Revit TotD – 10.15.09 | Pancake Floors


So you just finished placing the existing structure of building you are remodeling into revit and start working on the floors… only to ask the question, “Should I really have made this a single floor type?” Well, today’s tip is less of a How-to and more of a How Carl Does It.

Typically, you would simply build the layers into the floor structure, but sometimes the situation calls for a different approach. In this case, we already have one flapjack down (the structural slab). Now we just need to stack our plate higher!

[VIDEO]Well unfortunately, this video did not get uploaded somehow and it is no longer available for me to recover. Sorry about that :([VIDEO]

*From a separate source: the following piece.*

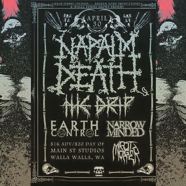 with Rot Monger, HOD, Narrow Minded, The Drip, and Napalm Death (UK)
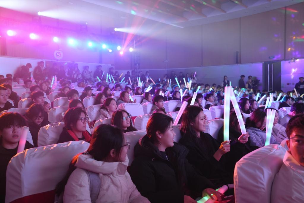 “如果命运彼此交换,我们是否还能依然……”歌曲《交换余生》合唱响起时,台下星光悄然点亮——同学们自发举起手机闪光灯,点点微光化成温柔星海。这是无需言说的默契,这是青春的动人和弦。

This is something like what you would be dealing with in this situation. A simple slab with your interior partition walls in place on top of it.

TotD-101509-1

Obviously, the floor finishes wouldn’t run under the partition wall (hopefully they weren’t that lazy when building the walls). So we want to place a new floor with each finish structure on each side of our wall.

TotD-101509-3

TotD-101509-2

Now this doesn’t finish our little fiasco here. You’ll notice that our floors are actually embedded in each other, so this is where we need to break the real parametrics part of the model. We’re going to manually offset the floors, each by it’s own total thickness in order to keep them from overlapping each other.

TotD-101509-4

This is a little better!

So another nice easy one to help get me going again. Thanks again for stopping by and I hope to see you again for another, Revit TotD!